A fronteira de um conjunto é sempre um conjunto fechado
A fronteira de um conjunto é sempre um conjunto fechado. Isso acontece porque ela é definida como a interseção entre a aderência de \(A\) e a aderência do seu complementar. $$ \partial A = Cl(A) \cap Cl(X - A) $$
Num espaço topológico \(X\), a fronteira de um conjunto \(A\) surge precisamente quando consideramos o que pertence simultaneamente à aderência de \(A\) e à aderência de \(X - A\). Em outras palavras, trata-se dos pontos que não podem ser classificados como exclusivamente internos ou externos a \(A\). A definição formal é: \(\partial A = Cl(A) \cap Cl(X - A)\).
Como a interseção de dois conjuntos fechados também é um conjunto fechado, segue naturalmente que a fronteira \(\partial A\) é sempre um fechado.
Exemplo
Para visualizar melhor essa ideia, tomemos o espaço real \(\mathbb{R}\) com a topologia usual, onde os abertos são intervalos abertos.
Considere \(A = (0, 1)\), o intervalo aberto entre 0 e 1.
A aderência de \(A\), indicada por \(Cl(A)\), é o intervalo fechado \([0, 1]\). Ele inclui todos os pontos de \(A\) e os limites do intervalo, 0 e 1, que funcionam como pontos de acumulação.
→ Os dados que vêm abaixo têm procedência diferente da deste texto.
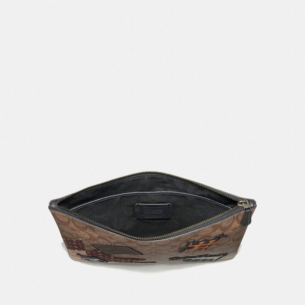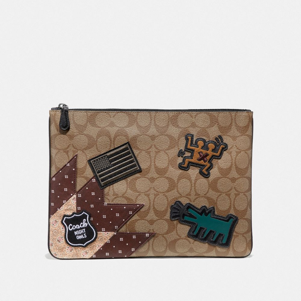 KEITH HARING LARGE POUCH IN SIGNATURE CANVAS WITH PATCHES (COACH F66585)

O complementar de \(A\) em \(\mathbb{R}\) é:
$$ \mathbb{R} - A = (-\infty, 0] \cup [1, \infty) $$
Esse conjunto já é fechado, portanto sua aderência coincide com ele próprio:
$$ Cl(\mathbb{R} - A) = (-\infty, 0] \cup [1, \infty) $$
A fronteira de \(A\) é o que sobra ao cruzarmos essas duas aderências:
$$ \partial A = Cl(A) \cap Cl(\mathbb{R} - A) $$
$$ \partial A = [0, 1] \cap ((-\infty, 0] \cup [1, \infty)) = \{0, 1\} $$
Assim, a fronteira de \(A\) é formada exatamente pelos pontos 0 e 1. Esses pontos marcam a transição entre pertencer ao intervalo e estar fora dele, e constituem um conjunto fechado em \(\mathbb{R}\).
Demonstração
A razão por trás desse resultado está em conceitos básicos da topologia.
Em qualquer espaço topológico \(X\), a aderência de um conjunto \(A\) é sempre um conjunto fechado. Ela representa o menor fechado que contém \(A\), reunindo todos os seus pontos e todos os seus limites.
O complementar \(X - A\), por sua vez, é aberto se \(A\) for fechado, e o oposto também vale.
Dado isso, a fronteira de \(A\) é definida por:
$$ \partial A = Cl(A) \cap Cl(X - A) $$
Uma propriedade fundamental da topologia afirma que a interseção finita de conjuntos fechados é sempre um fechado. Isso resolve o problema de forma direta:
- \(Cl(A)\) é fechado.
- \(Cl(X - A)\) também é fechado.
- A interseção dos dois, \(Cl(A) \cap Cl(X - A)\), é portanto um conjunto fechado.
Daí concluímos que, independentemente do conjunto \(A\) considerado, a sua fronteira é sempre um fechado. Trata-se de um resultado simples, elegante e extremamente útil para compreender como os conjuntos se comportam num espaço topológico.
A partir daqui, é possível avançar para outras propriedades das fronteiras e explorar como elas se relacionam com interior, exterior e aderência.